(1.) THE question which arises in this reference is whether the contract sought to be assessed by the revenue was a contract of sale of goods or for work and labour.
(2.) THE applicants carry on business as builders of bodies of trucks and of repairing cars and other vehicles. On 7th August, 1962, they entered into a contract with Messrs Patel Maraman Bhaya and Mohanlal and Co. of Keshod, whereby they undertook to construct the body of a truck belonging to the said firm. THE contract set out the various specification "for building the body of the truck on W.B. (i.e., wheel base)". THEse specifications inter alia provided the size of the body, its length, width and height, and the materials of which the floor thereof was to be made, the manner in which nuts and bolts had to be affixed as also the central pillar, which was to be a folding one, the number of hooks to be affixed and for a cabin with two full size doors for the driver. THE contract then states that a lump sum of Rs. 3,021 was to be paid for the work. THE contract also contained the following term which the parties added in ink to the printed terms, namely, "THE body is to be prepared and delivered on or before 25th August, 1962." It also provided that over and above the said sum of Rs. 3,021, it was the customer who had to pay for the "chanda" (mirror) and charges for painting, presumably such things as "public carrier" etc. On 31st August, 1962, the assessees prepared two bills, one for the amount of Rs. 1,900 in respect of the materials used for building the body and another for Rs. 1,245, being labour charges.

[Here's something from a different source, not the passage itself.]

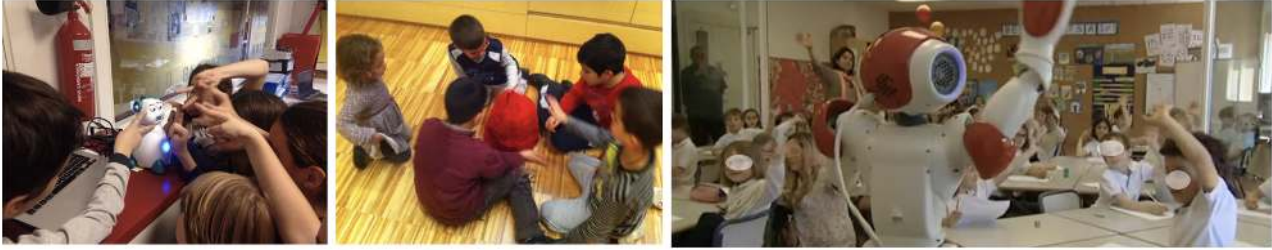
Figure 1: From left to right, a) the robot can have the function of social agent, b) robot as a playful tool, and c) robot as a coach.

(3.) MR. Nanavati who appears for the applicants placed two contentions before us, (1) that on a true interpretation of the contract embodied in the specifications dated 7th August, 1962, the contract was one for work and labour and not for the sale of the body of the truck, and (2) in the alternative, that it was composite contract, one for materials sold and the other for work and labour and, therefore, the amount received for work and labour was in any event not taxable. MR. Nanavati argued that the Tribunal was in error in interpreting the contract as one of sale of the body of the truck, for the agreement however stated that the entire body was to be delivered and that on the delivery of the truck, the price was to be paid. The contract, therefore, was for the construction and not for the sale of the body. MR. Nanavati went further and argued that no sooner a plank, nut or a part was affixed, the property in that material would pass to the customer. If such material was destroyed before the body was completed, the customer would ordinarily have to be bear the loss, but that consequence was saved in the instant case because the customer was to pay a lump sum for the entire work and the applicants therefore could not demand the price or part of the price before the work was finished and the body was completed and delivered. On the order hand, the learned Assistant Government Pleader contended that the contract was clearly a contract of sale of the body, that the contract indicated clearly that it was upon the completion of the body and its delivery that the customer would be liable to pay the aforesaid amount of Rs. 3,021, and that it was only when delivery of the completed body was made that the property in it would pass to the customer.